Вернулся до неузнаваемости изменившимся. В задрипанном пальтишке, небритый, нестриженый и похудевший; в глазах его отражалось одно — поражение. Поражение целого народа, поражение, перевернувшее всю его жизнь. Он напоминал мне дядю Юлиана, который месяцем раньше плакал, слушая радиосообщение из Варшавы. Под знаком этого поражения появился и дядя Казимеж. Призванный в армию как поручик, он участвовал в обороне Варшавы и переодетым вернулся домой. С тех пор поражение читалось на лицах всех мужчин в Польше. Выяснилось, что отец доехал со своим почтовым вагоном до Львова, но после подписания пакта Риббентропа — Молотова и с началом всеобщего хаоса ему пришлось пешком пробираться домой. Подробностей я так никогда и не узнал. В те времена взрослые уделяли детям мало внимания, и дети слушали взрослых украдкой, дополняя потом обрывки услышанного собственным воображением.
Решили, что отец пока не будет раскрываться немцам как почтовый служащий. Останется в Боженчине, подождет развития событий. Англия и Франция тогда уже объявили войну Германии, но оставались «в состоянии готовности». Советский Союз завоевывал и никак не мог завоевать мужественную Финляндию, а остальные ждали, что предпримет Гитлер. Зима обещала быть суровой. Одна из тяжелых военных зим, когда температура опускалась ниже сорока.

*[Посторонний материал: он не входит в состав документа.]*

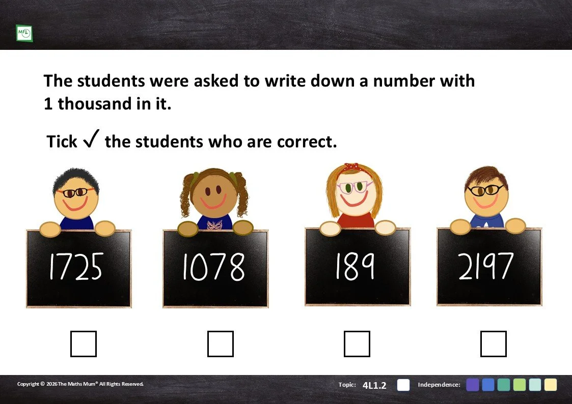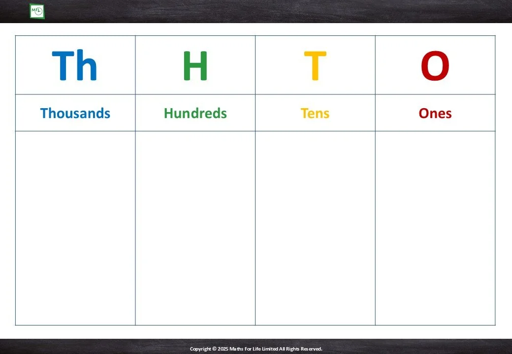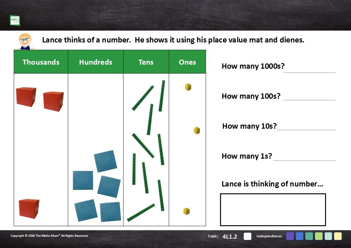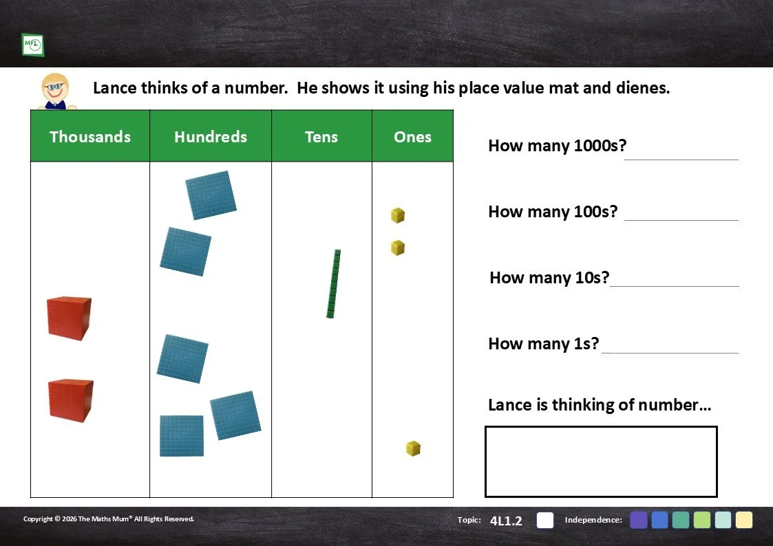 Place value mat looking at four-digit numbers and the respective place value of each numeral.

Тем временем наша семья съезжалась в Боженчин. Из Иновроцлава приехала моя тетка с мужем и двумя маленькими детьми. Их вышвырнули из собственного дома в чем были, не дав на сборы и двух часов. Ее муж по фамилии Фенглер, немец по происхождению, спасался от Рейха, избегая статуса фольксдойча. Вместе нас было уже шестеро взрослых и шестеро детей — если считать меня ребенком — на одну комнату с двумя окнами, двумя кроватями и маленькой кухней. В кухне на ночь раскладывали постель, но теснота все равно была ужасная. Дед с женой занимали другую комнату, отделенную от нашей половины верандой и второй дверью. Отношения между нами были прохладные. Каждую минуту дверь из «той» комнаты открывалась, и на пороге показывалась «жена отца», то есть моего деда. Она проходила через нашу комнату, поднималась по трем ступенькам в кухню, становилась у печи, что-то стряпала, а затем проходила обратно и исчезала за дверью. Готовили у печи совместно, хотя разную еду — для них и для нас. Они ели в своей комнате, куда никого из нас не допускали.

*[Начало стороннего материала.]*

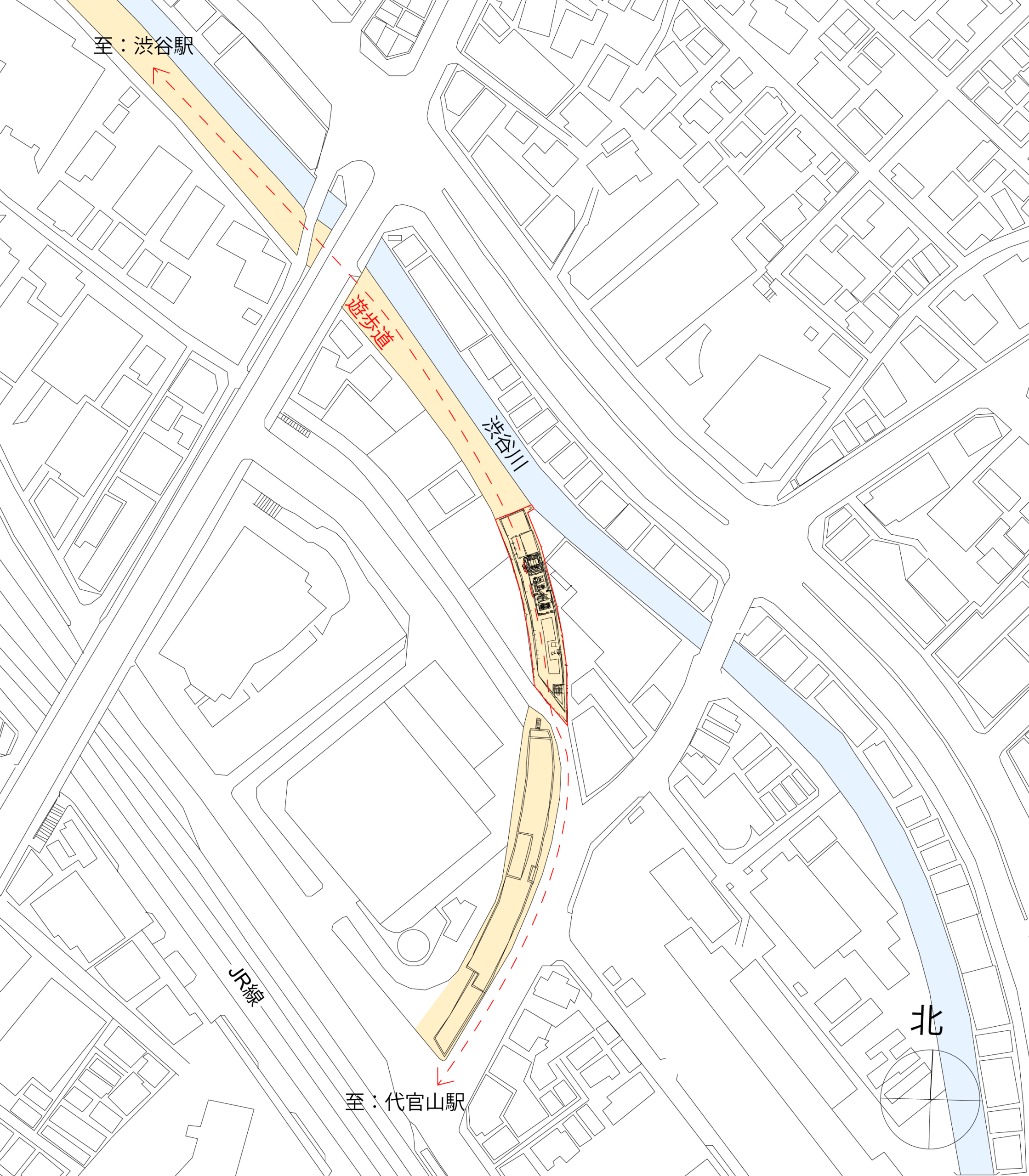 かつて東横線が走っていた線路跡地を再生し、多世代・異文化をつなぐ拠点として生まれる「渋谷ブリッジ」。 約600mにわたり整備される渋谷川沿い遊歩道の先に位置し、A棟は保育所、B棟はホテル・店舗・オフィスで構成される複合施設である。 渋谷ストリームから代官山へ賑わいを連続させ、新たな人の流れをつくるため、駅前とは異なる魅力をもつ用途を組み合わせ、高感度で多様な人々が集う場を目指していく。 東急が掲げる「広域渋谷圏(Greater SHIBUYA)」の都市機能を補完し、地域固有の魅力を育てながら世界へ発信し、東横線の記憶を次世代へ継承する場となる。 多世代と異文化、渋谷と代官山という二つの「橋渡し」を担い、渋谷南側の新しい街の文脈を編み直していく。

Все пять лет войны, зимой и летом, жена деда ходила в сером вязаном шлеме, заколотом на шее. Маленькая, толстая, с раздутым какой-то болезнью зобом, с водянистыми выпученными глазами. У деда глаза были такие же, но, в отличие от жены, он был высокий. Выходя и возвращаясь по многу раз за день, она бормотала под нос: «Боже-Боже-Боже». Что означало призыв к Богу и просьбу: «Терпения-терпения-терпения». То есть терпения ко всем нам. С той поры я всю жизнь ценю просторные изолированные квартиры.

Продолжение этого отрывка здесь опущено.